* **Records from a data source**

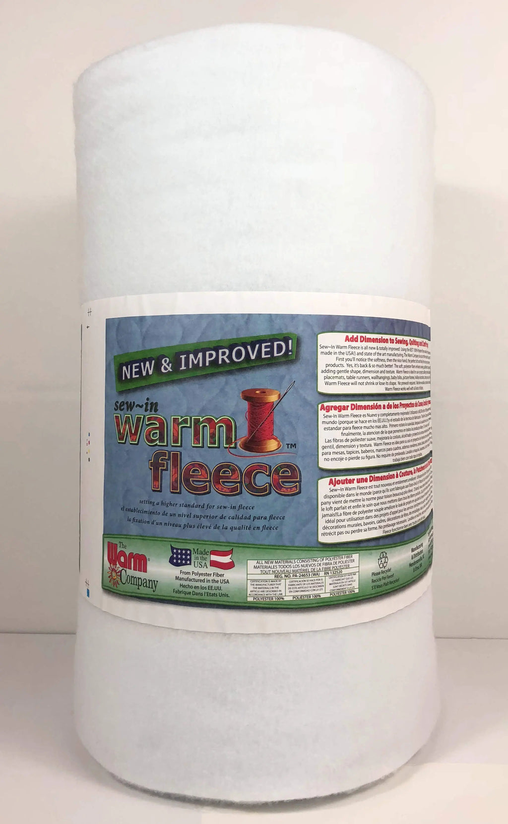 Sew-In Warm Fleece offers plush 100% U.S.-made polyester fibers, adding soft loft and structure without shrinking or losing shape. Ideal for tactile quilting and craft projects.
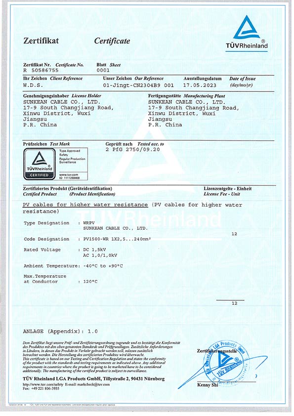 2 PfG / 2750 شهادة كابل الطاقة الشمسية
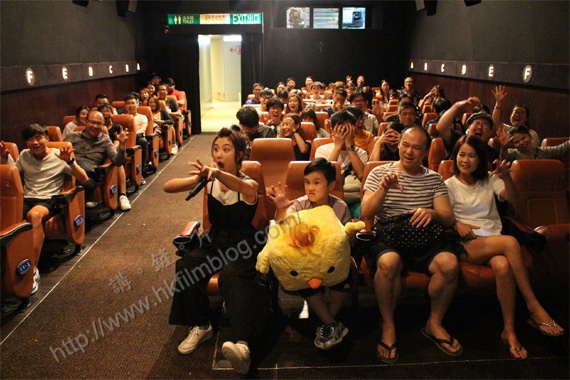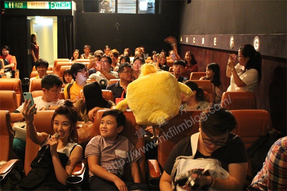 至於另一場作開場謝票,謝票團隊先於戲院的第一行恭候觀眾入場,當中更包括了「雞精」,而觀眾對於該場有謝票甚為驚喜。
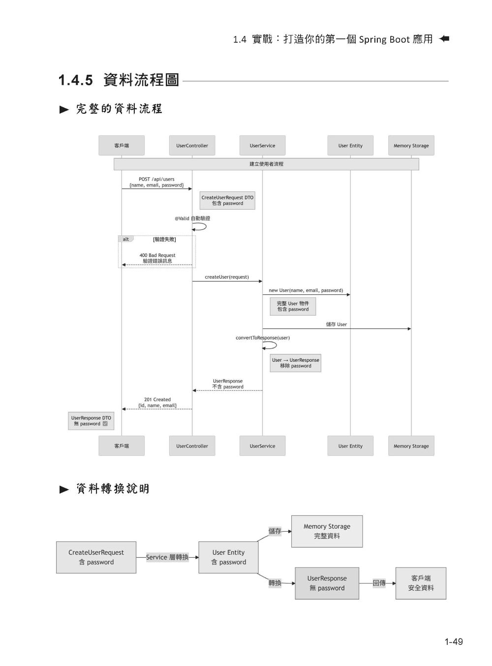 1.4 實戰:打造你的第一個 Spring Boot 應用 本節概要 1.4.1 專案需求分析 1.4.2 系統架構設計 1.4.3 資料模型設計 1.4.4 DTO 模式實作 1.4.5 資料流程圖 1.4.6 服務層實作 1.4.7 Controller 層實作 1.4.8 配置檔案 1.4.9 API 測試 1.4.10 安全性設計 1.4.11 關鍵技術說明 1.4.12 本節重點回顧 1.4.13 下一步 1.4.14 參考資源
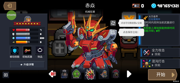 10、经验条满后,升级自动触发,玩家可选择强化机械臂的特定部位。
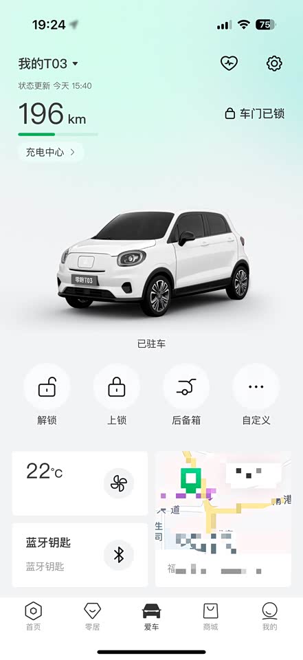 有app远程控制,可以远程解锁和打开空调,也可以看位置

* **EXERCISE DETAILS**
Your answer should be the lines above from the one that contains "至於另一場作開場謝票,謝票團" through the last, set down exactly, with the pictures removed.

* **TASK SOLUTION**
 至於另一場作開場謝票,謝票團隊先於戲院的第一行恭候觀眾入場,當中更包括了「雞精」,而觀眾對於該場有謝票甚為驚喜。
 1.4 實戰:打造你的第一個 Spring Boot 應用 本節概要 1.4.1 專案需求分析 1.4.2 系統架構設計 1.4.3 資料模型設計 1.4.4 DTO 模式實作 1.4.5 資料流程圖 1.4.6 服務層實作 1.4.7 Controller 層實作 1.4.8 配置檔案 1.4.9 API 測試 1.4.10 安全性設計 1.4.11 關鍵技術說明 1.4.12 本節重點回顧 1.4.13 下一步 1.4.14 參考資源
 10、经验条满后,升级自动触发,玩家可选择强化机械臂的特定部位。
 有app远程控制,可以远程解锁和打开空调,也可以看位置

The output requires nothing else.